Their arguement revolves around an "understanding that the survival of all living creatures is limited by the concept of energy return on investment (EROI) - that any living thing or living societies can survive only so long as they are capable of getting more net energy from any activity than they expend during the performance of that activity". This understanding is to be read with the Second Law of Thermodynamics, which postulates that all energy systems have a tendency to increase their entropy (or the state of disorder) rather than decrease it.

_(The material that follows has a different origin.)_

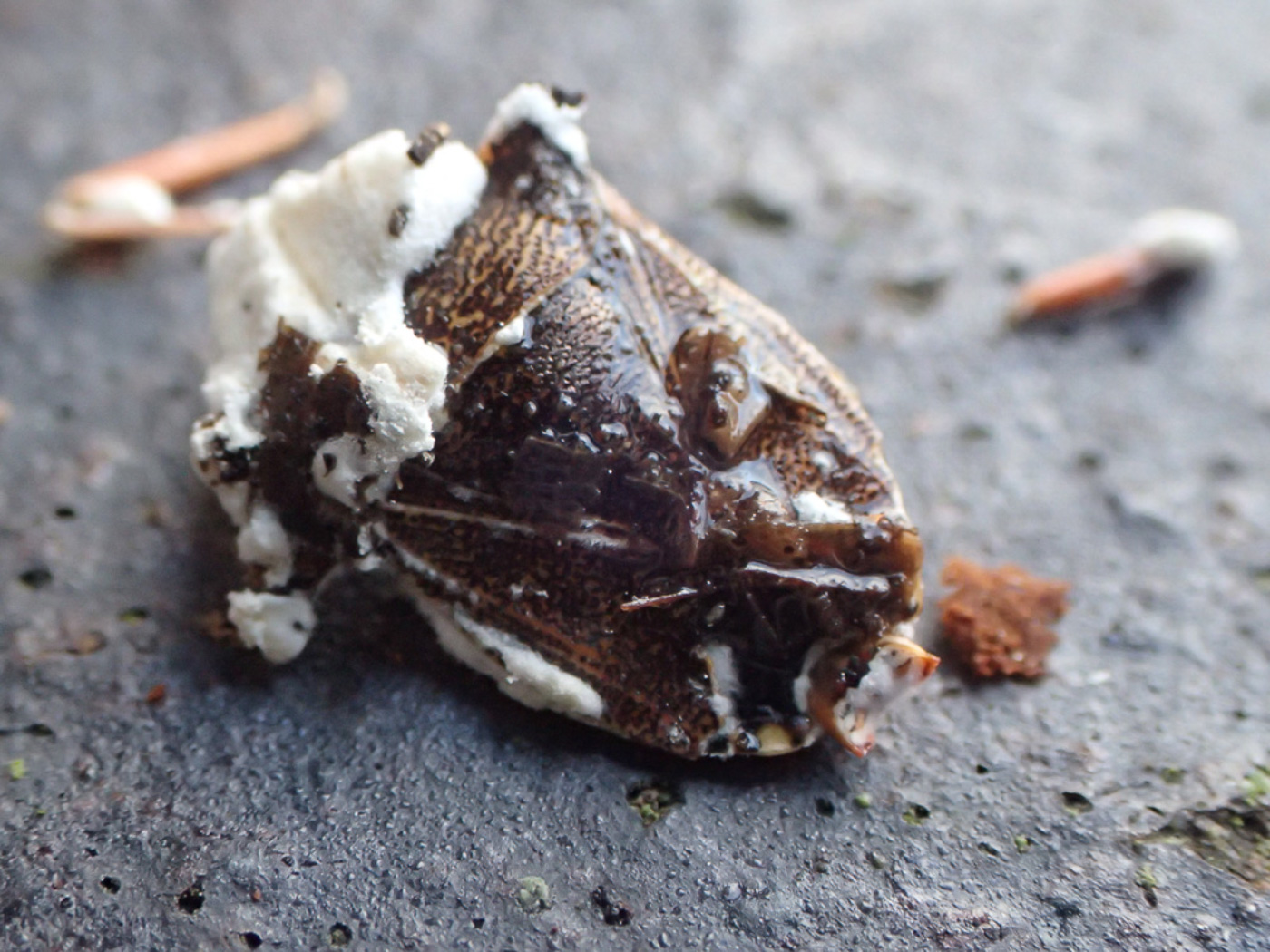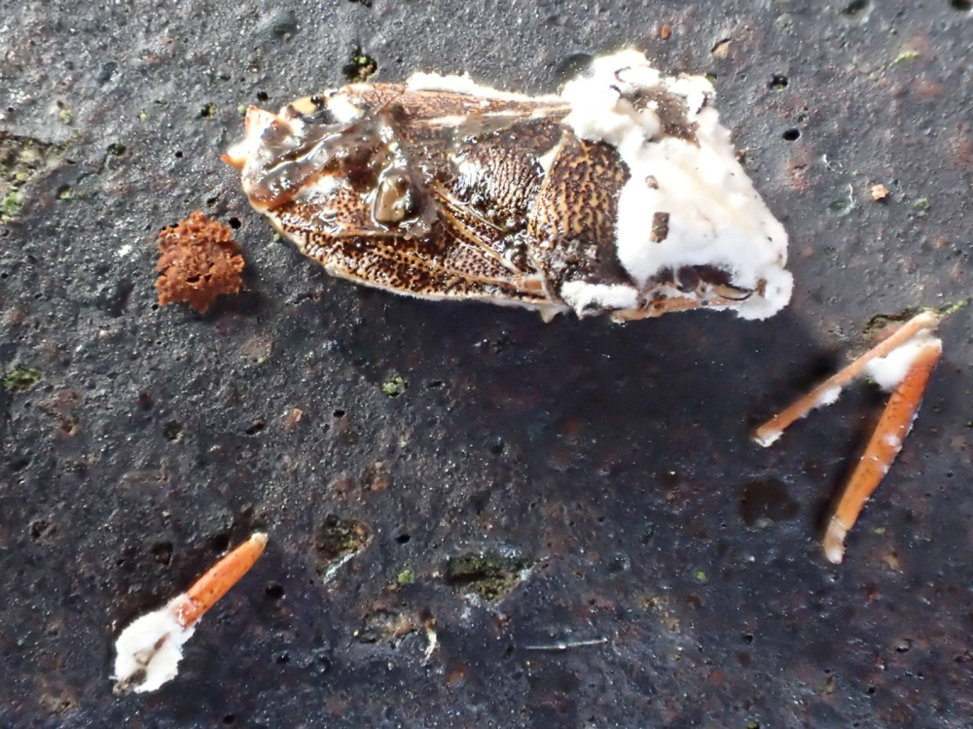 October 25th Beauveria bassiana (an asco with no English name) In Gt Bois Wood Arboretum near Chesham Sarah Ebdon spotted this small shield bug rather brutally infected with a fungus which she recognised, having found it several times before though we appear to have no entries in the BFG database. There are around 60 entries in FRDBI so it is not that often found though for obvious reasons could obviously go unspotted. New find |

The most obvious battle-ground for the two is the debate about global energy reserves. While conventional economic theories see no limits to the availability of energy resources, and claim that at an appropriate market price (equal to the marginal cost of production) supply will always meet the demand. In contrast, echoing peak-oil (or peak-coal and peak-gas) hypothesis, bio-physical economists analyze historical production data, and claim that petroleum sector's EROI in the US has steadily declined from about 100-to-1 in 1930 (meaning one had to burn approximately 1 barrel of oil's worth of energy to get 100 barrels out of the ground) to less than 36-1 by the 1990s and further down to 19-to-1 by 2006.